Because this play is naturally a little “kooky” as I like to put it, the theatre performance is, as well. We see everything from robots to guns, music videos to academic arguments. Special in this play is the video effects – the use of lighting, and videography as a real addition (if not enhancement) to the play and the way in which the characters choose to address each other.
The actors did a wonderful job – there was no holding back, which is really good. They seemed comfortable with their own bodies (and if I may say, sexuality) and this made the scenes work better, because the scenes of tension (especially sexual tension) were well manifested. The play was funny at times, and other times, a little heart-wrenching…some times you felt like you were peering into the keyhole of the door and seeing into someone else’s life, and other times, you wanted to just climb up on stage with them.
Haha, I was the only one in the front row of this performance, and there is one scene where the actors face the audience.
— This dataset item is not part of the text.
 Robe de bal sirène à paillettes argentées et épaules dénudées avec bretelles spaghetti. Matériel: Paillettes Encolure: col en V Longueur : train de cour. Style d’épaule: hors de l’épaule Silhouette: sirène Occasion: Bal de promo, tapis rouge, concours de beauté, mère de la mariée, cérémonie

Three actors stood right in front of me, looked at me, and used me as their scene. They appeared to be some sort of advertising agents, and they were looking at me and saying things like
“Ah ha! She’s someone who would open such advertisment” “yes and read it alone at the table and treasure it like a letter from her brother” “hmm, she’s not a smoker” “no, but I think she’ll grab a cigarette from someone else… like at a party” “she’d be the one to send back the form for the prize” “or better yet, she’d check the box for which one she’d like the best”
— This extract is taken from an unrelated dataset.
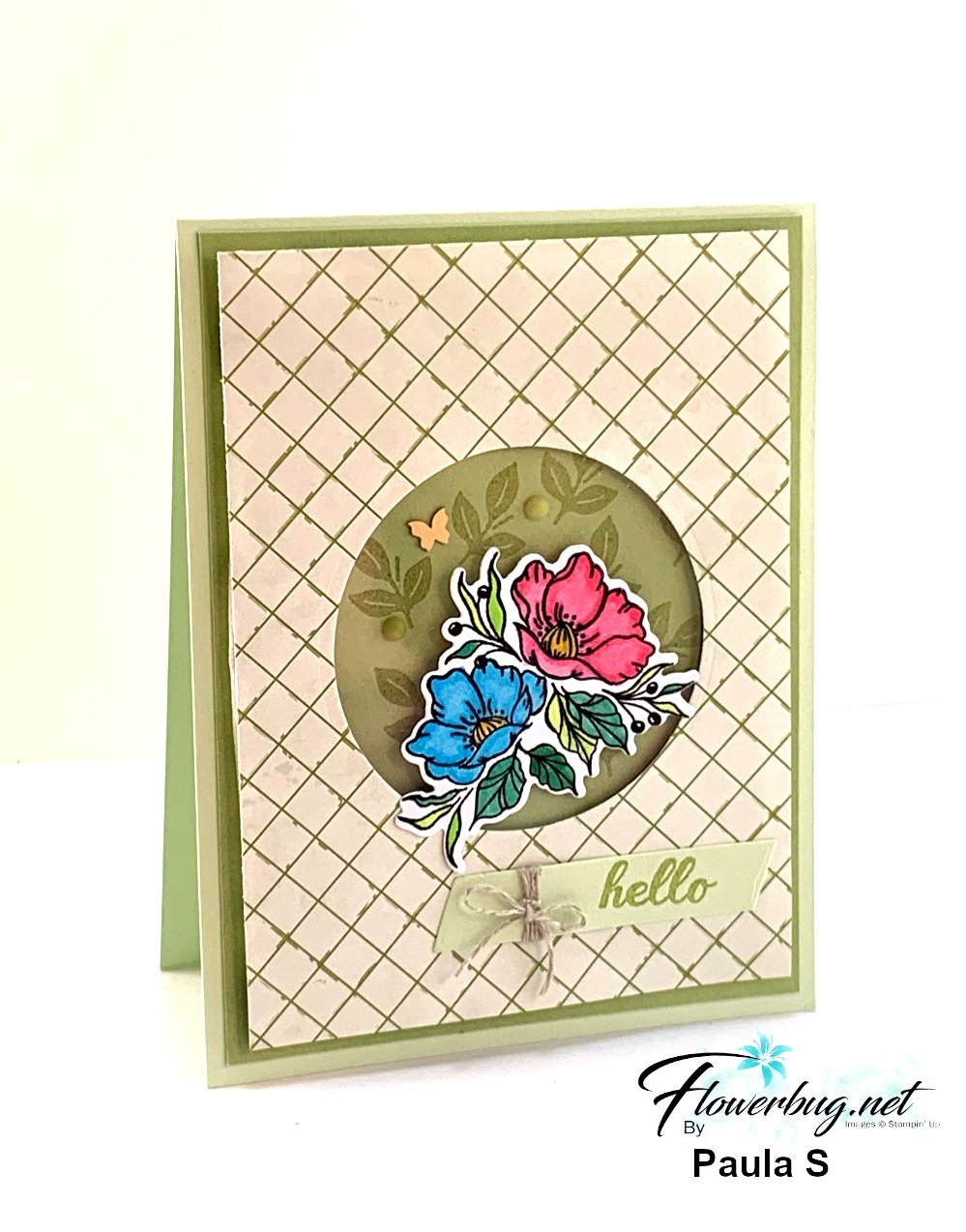 This next card was made by Paula. She created a window from her DSP layer, adding Window Sheet behind it and a die-cut flower from the Framed Florets bundle in front.

It was so funny, these three women staring right down at me, looming over me and I was trying so hard not to laugh, because I was afraid I’d distract the actors. Even in another scene, an actor was making faces at me during the music video…haha, sitting in the front row for this play was getting the full “in-yer-face” experience that the playwright, Martin Crimp, is quite famous for…
Ah, look at all the technical components I’ve gotten into! Sounds like I’m writing an academic paper! Haha, thats not my intention. I guess what I am trying to say is that if you are open-minded, and you’re willing to take a risk, the UCDP’s production may be just the thing for your salvation-from-school needs.
Check it out – they’re playing at 8pm till Feb 7th (excluding Sunday, I think – check out the website) and post a comment about what you thought. It was worth the $10, and trust me, I don’t do stuff like that often.